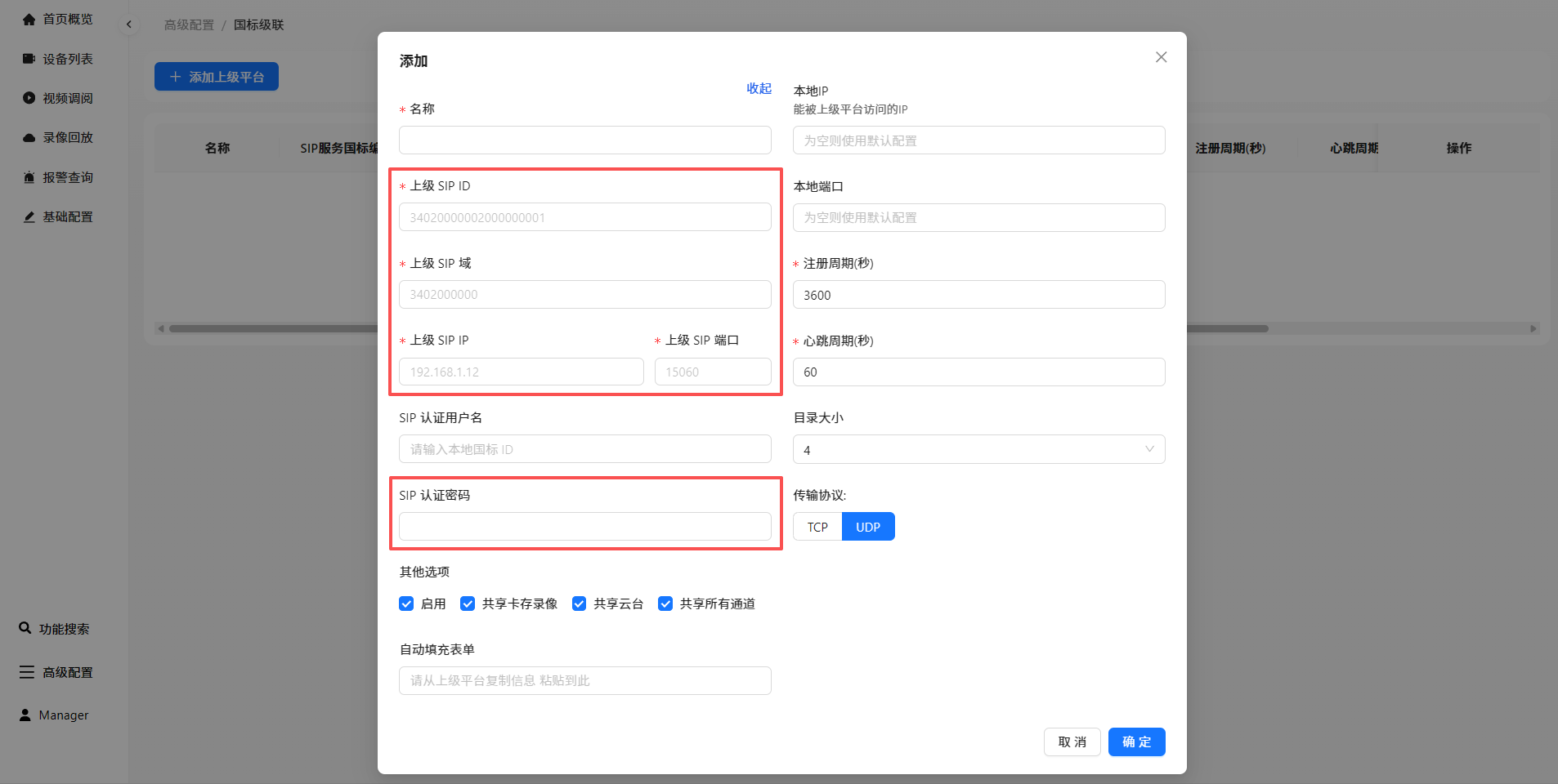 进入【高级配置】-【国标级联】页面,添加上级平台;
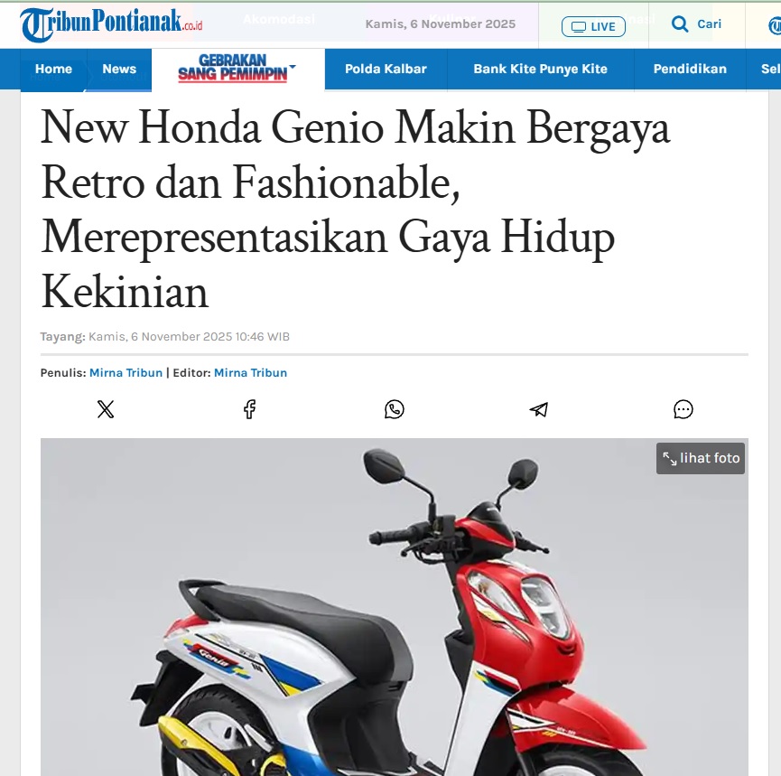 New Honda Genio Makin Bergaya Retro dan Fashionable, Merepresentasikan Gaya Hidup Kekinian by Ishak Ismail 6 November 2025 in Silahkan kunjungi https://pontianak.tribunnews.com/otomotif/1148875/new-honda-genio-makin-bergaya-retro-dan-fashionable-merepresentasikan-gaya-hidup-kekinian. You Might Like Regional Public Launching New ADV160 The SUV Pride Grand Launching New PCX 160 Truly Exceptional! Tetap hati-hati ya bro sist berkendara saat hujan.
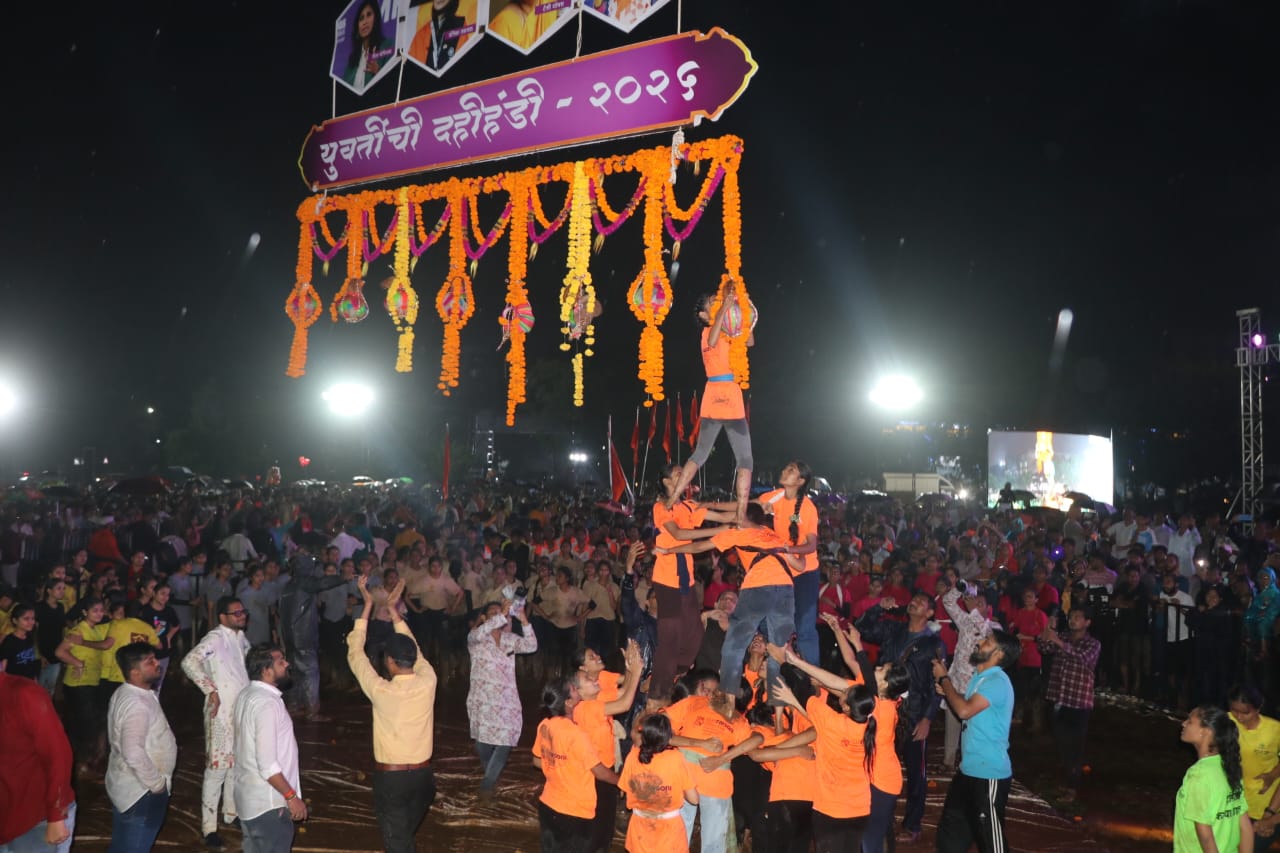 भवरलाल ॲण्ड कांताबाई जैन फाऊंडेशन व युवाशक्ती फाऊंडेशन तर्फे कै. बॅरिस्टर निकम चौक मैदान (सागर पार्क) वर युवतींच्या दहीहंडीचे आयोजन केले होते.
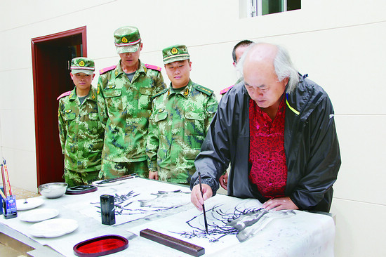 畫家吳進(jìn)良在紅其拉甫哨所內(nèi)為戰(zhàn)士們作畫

+---+

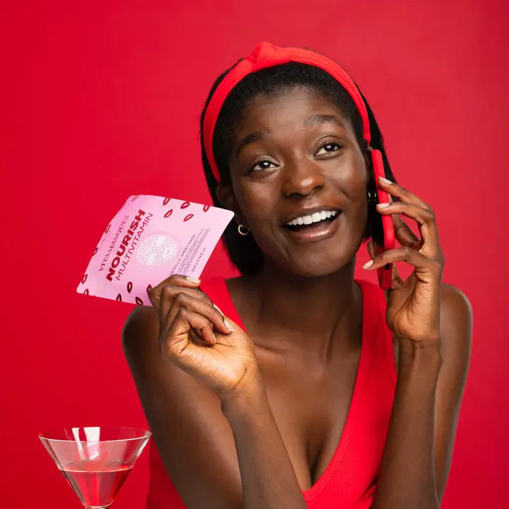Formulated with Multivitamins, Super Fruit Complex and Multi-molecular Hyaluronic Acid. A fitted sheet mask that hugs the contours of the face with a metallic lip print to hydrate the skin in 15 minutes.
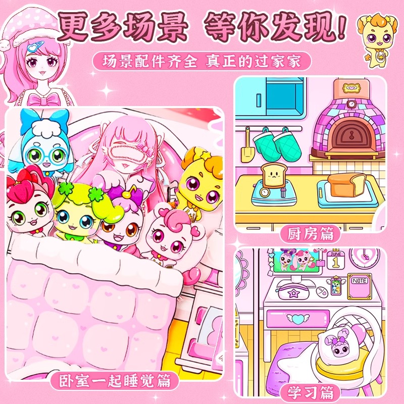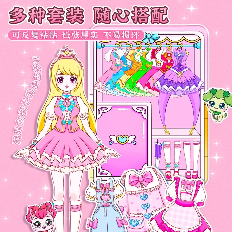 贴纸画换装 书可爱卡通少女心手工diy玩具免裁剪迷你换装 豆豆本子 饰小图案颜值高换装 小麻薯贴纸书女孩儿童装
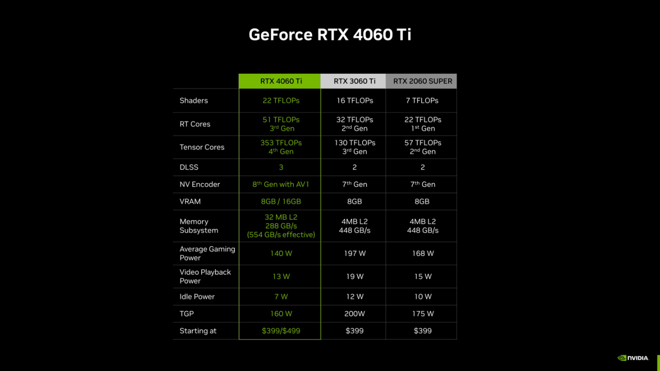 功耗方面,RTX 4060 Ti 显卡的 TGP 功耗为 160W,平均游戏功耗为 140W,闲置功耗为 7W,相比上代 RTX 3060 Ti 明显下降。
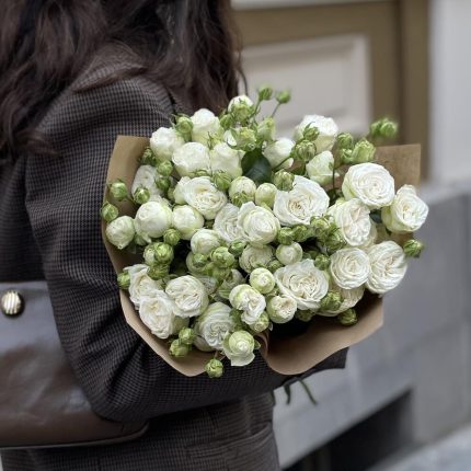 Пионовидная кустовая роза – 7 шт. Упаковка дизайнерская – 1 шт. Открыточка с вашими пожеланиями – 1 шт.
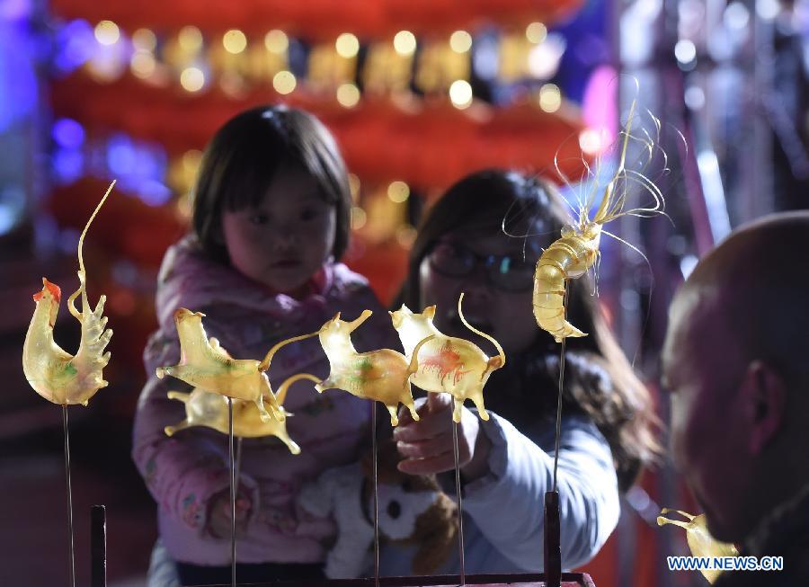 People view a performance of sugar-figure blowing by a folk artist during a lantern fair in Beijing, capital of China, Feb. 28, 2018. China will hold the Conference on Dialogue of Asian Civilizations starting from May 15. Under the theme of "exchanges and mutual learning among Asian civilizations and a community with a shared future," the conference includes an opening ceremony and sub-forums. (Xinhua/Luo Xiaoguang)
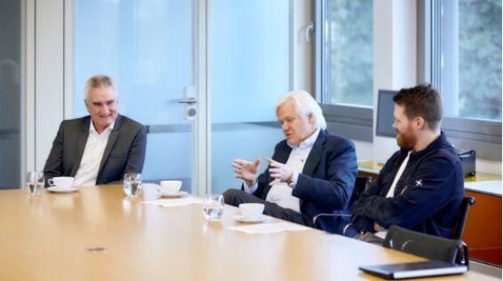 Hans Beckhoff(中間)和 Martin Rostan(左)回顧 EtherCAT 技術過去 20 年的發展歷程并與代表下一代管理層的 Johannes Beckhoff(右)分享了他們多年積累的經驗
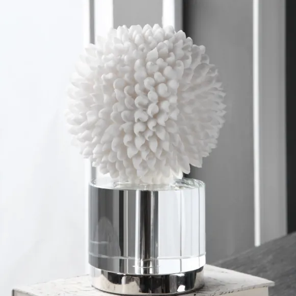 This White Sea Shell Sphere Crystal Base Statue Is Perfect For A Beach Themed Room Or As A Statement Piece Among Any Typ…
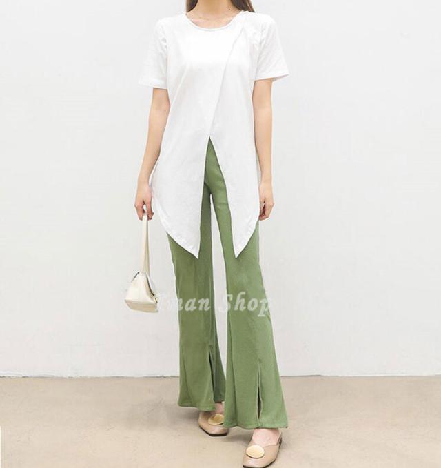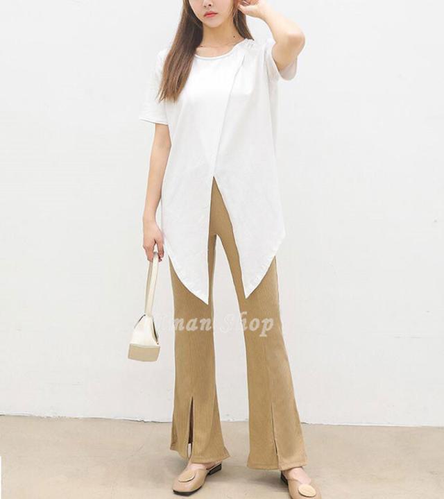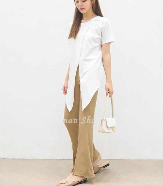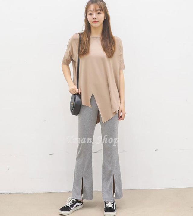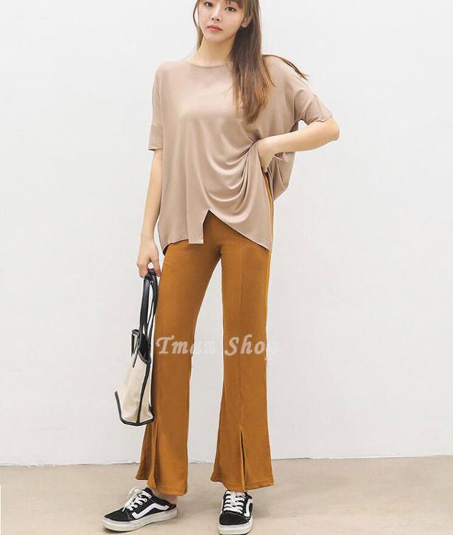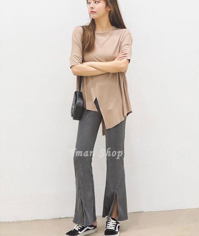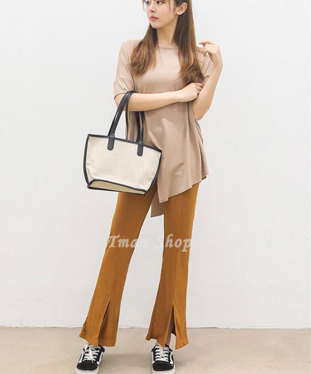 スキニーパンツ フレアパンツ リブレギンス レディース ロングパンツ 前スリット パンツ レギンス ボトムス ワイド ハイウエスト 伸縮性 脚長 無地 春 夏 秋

+---+

**Description of the task**
The stretch above running from the line with "Hans Beckhoff(中間)和 Martin" through the line with "スキニーパンツ フレアパンツ リブレギンス" is all you should copy, exactly, leaving out the pictures.

**Answer for the task**
 Hans Beckhoff(中間)和 Martin Rostan(左)回顧 EtherCAT 技術過去 20 年的發展歷程并與代表下一代管理層的 Johannes Beckhoff(右)分享了他們多年積累的經驗
 This White Sea Shell Sphere Crystal Base Statue Is Perfect For A Beach Themed Room Or As A Statement Piece Among Any Typ…
 スキニーパンツ フレアパンツ リブレギンス レディース ロングパンツ 前スリット パンツ レギンス ボトムス ワイド ハイウエスト 伸縮性 脚長 無地 春 夏 秋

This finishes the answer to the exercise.